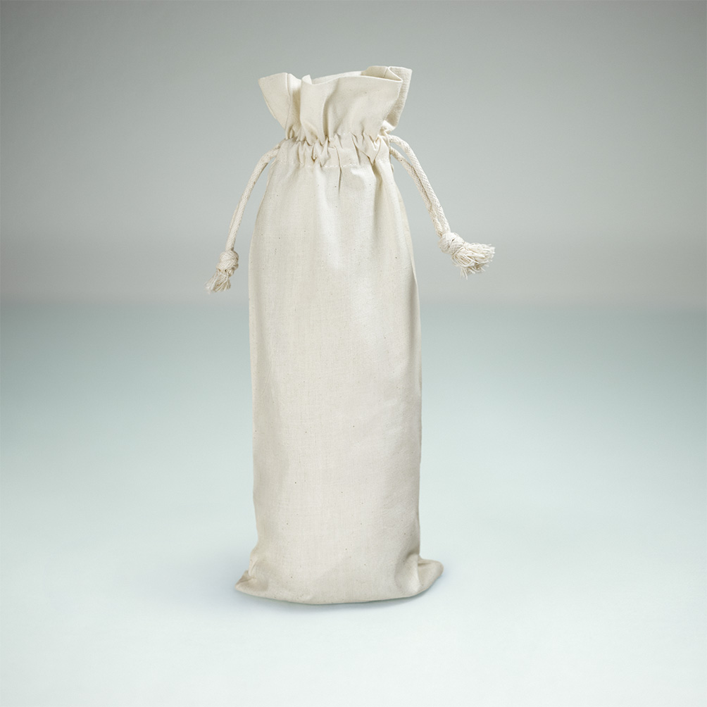 Dit wijnfles zakje is gemaakt van gecertificeerd organisch katoen. Deze duurzame stof past perfect bij bijvoorbeeld een biologische of fair trade wijn of champagne.
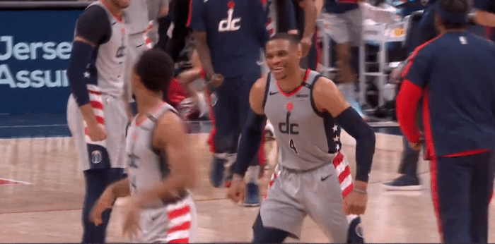 虽然浓眉末节轰下14分带队反扑,但韦少三分、强硬突破给出回应,坐在地板上握拳怒吼庆祝,由于输赢早早失去悬念,湖人换下主力,放弃比赛,最终107-116又输给奇才。
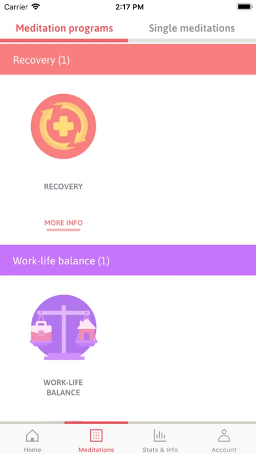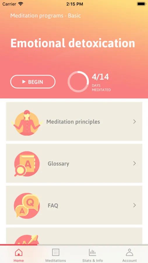 The App. also offers 38 different 5 min. meditations with very specific topics, suitable when you don’t have much time. Out of these 38 there are four 5 min. guided meditations free of charge dedicated to Stress relief, More Happiness, Sharpening focus and Sleeping better. There is much more than that under the subscription plan: Confidence, Decision making, Leadership mindset, Professional Affirmation, Career Development, Emotional Intelligence, Self-Compassion, etc.
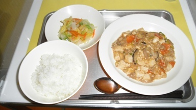 ご飯、家常豆腐、辣白菜、牛乳
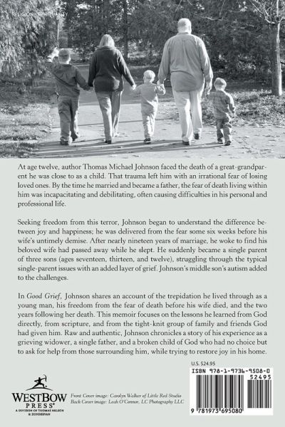 At age twelve, author Thomas Michael Johnson faced the death of a great-grandparent he was close to as a child. That trauma left him with an irrational fear of losing loved ones. By the time he married and became a father, the fear of death living within him was incapacitating and debilitating, often causing difficulties in his personal and professional life. Seeking freedom from this terror, Johnson began to understand the difference between joy and happiness; he was delivered from the fear some six weeks before his wife's untimely demise. After nearly nineteen years of marriage, he woke to find his beloved wife had passed away while he slept. He suddenly became a single parent of three sons (ages seventeen, thirteen, and twelve), struggling through the typical single-parent issues with an added layer of grief. Johnson's middle son's autism added to the challenges. In Good Grief, Johnson shares an account of the trepidation he lived through as a young man, his freedom from the fear of death before his wife died, and the two years following her death. This memoir focuses on the lessons he learned from God directly, from scripture, and from the tight-knit group of family and friends God had given him. Raw and authentic, Johnson chronicles a story of his experience as a grieving widower, a single father, and a broken child of God who had no choice but to ask for help from those surrounding him, while trying to restore joy in his home.

------------------------------------------------

▶ EXERCISE DESCRIPTION: The answer should contain only the lines from the start of the records above through the line with "ご飯、家常豆腐、辣白菜、牛乳", copied exactly, and no pictures.

▶ COMPLETED TASK:
 Dit wijnfles zakje is gemaakt van gecertificeerd organisch katoen. Deze duurzame stof past perfect bij bijvoorbeeld een biologische of fair trade wijn of champagne.
 虽然浓眉末节轰下14分带队反扑,但韦少三分、强硬突破给出回应,坐在地板上握拳怒吼庆祝,由于输赢早早失去悬念,湖人换下主力,放弃比赛,最终107-116又输给奇才。
 The App. also offers 38 different 5 min. meditations with very specific topics, suitable when you don’t have much time. Out of these 38 there are four 5 min. guided meditations free of charge dedicated to Stress relief, More Happiness, Sharpening focus and Sleeping better. There is much more than that under the subscription plan: Confidence, Decision making, Leadership mindset, Professional Affirmation, Career Development, Emotional Intelligence, Self-Compassion, etc.
 ご飯、家常豆腐、辣白菜、牛乳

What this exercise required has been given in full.